TÜRKİYE CUMHURİYETİ
ANAYASA MAHKEMESİ
İKİNCİ BÖLÜM
KARAR
ABDULLAH KEKLİK VE DİĞERLERİ BAŞVURUSU
(Başvuru Numarası: 2019/121)
Karar Tarihi: 19/10/2022
Başkan
:
Kadir ÖZKAYA
Üyeler
Engin YILDIRIM
M. Emin KUZ
Rıdvan GÜLEÇ
Kenan YAŞAR
Raportör
Hasan SARAÇ
Başvurucular
1. Abdullah KEKLİK
2. Hasan KEKLİK
3. Hüseyin KEKLİK
4. Menfiye KEKLİK
5. Musa KEKLİK
Vekiller
Av. Behrem DEMİR
I. BAŞVURUNUN KONUSU
1. Başvuru, dava dilekçesi süresinde gönderilmediği için Adalet Bakanlığı aleyhine açılan tazminat davasının reddedilmesi nedeniyle hakkaniyete uygun yargılanma hakkının ihlal edildiği iddiasına ilişkindir.
II. BAŞVURU SÜRECİ
2. Başvuru 26/12/2018 tarihinde yapılmıştır. Komisyon, oybirliği sağlanamaması nedeniyle başvurunun kabul edilebilirlik incelemesinin Bölüm tarafından yapılmasına karar vermiştir.

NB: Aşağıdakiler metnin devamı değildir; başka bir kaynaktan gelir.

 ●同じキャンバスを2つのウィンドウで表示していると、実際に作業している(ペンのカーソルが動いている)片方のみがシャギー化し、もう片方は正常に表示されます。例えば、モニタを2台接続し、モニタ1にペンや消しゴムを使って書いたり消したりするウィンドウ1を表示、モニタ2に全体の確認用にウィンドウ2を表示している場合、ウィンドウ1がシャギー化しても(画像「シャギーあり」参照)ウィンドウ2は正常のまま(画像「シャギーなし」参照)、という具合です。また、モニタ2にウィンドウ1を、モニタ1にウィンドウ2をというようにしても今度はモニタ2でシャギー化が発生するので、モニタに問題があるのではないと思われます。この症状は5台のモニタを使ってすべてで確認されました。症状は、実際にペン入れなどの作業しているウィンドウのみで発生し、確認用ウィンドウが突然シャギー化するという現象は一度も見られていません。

3. Başvuru belgelerinin bir örneği bilgi için Adalet Bakanlığına (Bakanlık) gönderilmiştir. Bakanlık görüşünü bildirmiştir. Başvurucu, Bakanlığın görüşüne karşı beyanda bulunmuştur.
III. OLAY VE OLGULAR
4. Başvuru formu ve eklerinde ifade edildiği şekliyle ve Ulusal Yargı Ağı Bilişim Sistemi (UYAP) üzerinden ulaşılan bilgi ve belgelere göre ilgili olaylar özetle şöyledir:
5. Başvurucuların murisi M.A.K.nın 10/1/1992 tarihinde Siirt'de ortadan kaybolmasından sonra başvurucular 2004 yılında Bakırköy 6. Asliye Hukuk Mahkemesine (Asliye Hukuk Mahkemesi) müracaat ederek M.A.K.nın 30/1/1992 tarihinde öldüğünün tespitine karar verilmesini talep etmiştir. Bakırköy 6. Asliye Hukuk Mahkemesi 21/12/2005 tarihinde M.A.K.nın talep edilen tarihte öldüğüne karar vermiştir.

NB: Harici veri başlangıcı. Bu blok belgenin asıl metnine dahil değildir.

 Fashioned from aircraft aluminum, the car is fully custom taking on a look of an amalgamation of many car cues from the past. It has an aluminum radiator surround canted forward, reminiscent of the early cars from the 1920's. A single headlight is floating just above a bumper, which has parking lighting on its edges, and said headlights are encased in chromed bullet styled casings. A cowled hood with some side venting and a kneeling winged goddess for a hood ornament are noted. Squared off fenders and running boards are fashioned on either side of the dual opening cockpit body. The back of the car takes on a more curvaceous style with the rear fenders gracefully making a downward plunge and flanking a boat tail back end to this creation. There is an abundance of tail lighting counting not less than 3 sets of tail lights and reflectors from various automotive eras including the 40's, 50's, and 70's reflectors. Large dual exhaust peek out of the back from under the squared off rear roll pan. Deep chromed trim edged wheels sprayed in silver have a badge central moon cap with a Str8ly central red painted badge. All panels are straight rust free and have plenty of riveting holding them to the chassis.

6. Başvurucular, bunun üzerine murislerinin terör örgütü PKK tarafından öldürüldüğü gerekçesiyle 17/7/2004 tarihli ve 5233 sayılı Terör ve Terörle Mücadeleden Doğan Zararların Karşılanması Hakkında Kanun kapsamında tazminat istemiyle Siirt Valiliğine (Valilik) başvuru yapmıştır. Valilik 29/3/2006 tarihinde talebin reddine karar vermiştir.
7. Başvurucular ret işleminin iptali istemiyle İstanbul Nöbetçi İdare Mahkemesine gönderilmek üzere 9/10/2006 tarihinde Gaziosmanpaşa Asliye Hukuk Mahkemesi (Hukuk Mahkemesi) kayıtlarına giren dilekçeyle dava açmıştır. Dava dilekçesi 24/11/2006 tarihinde İstanbul İdare Mahkemesi kayıtlarına girmiştir.
8. Diyarbakır 2. İdare Mahkemesi 25/12/2008 tarihinde süre aşımı nedeniyle ret kararı vermiştir. Gerekçeli kararın ilgili kısmı şöyledir:
''...[D]ava konusu işlemin 29.03.2006 tarihli işlem olduğu, kararın davacı vekiline gönderildiği üst yazının ise 09.08.2006 tarihli olduğu, dava dilekçesinde işlemin tebliğ tarihinin belirtilmediği, ancak davanın İstanbul Nöbetçi İdare Mahkemesi Başkanlığı'na gönderilmek üzere Gaziosmanpaşa Asliye Hukuk Mahkemesi aracılığıyla ve 09.10.2006 tarihinde Gaziosmanpaşa Asliye Hukuk Mahkemesi kayıtlarına giren dilekçeyle açıldığı ve 24.11.2006 tarihinde İstanbul İdare Mahkemesi kayıtlarına girdiği görülmektedir.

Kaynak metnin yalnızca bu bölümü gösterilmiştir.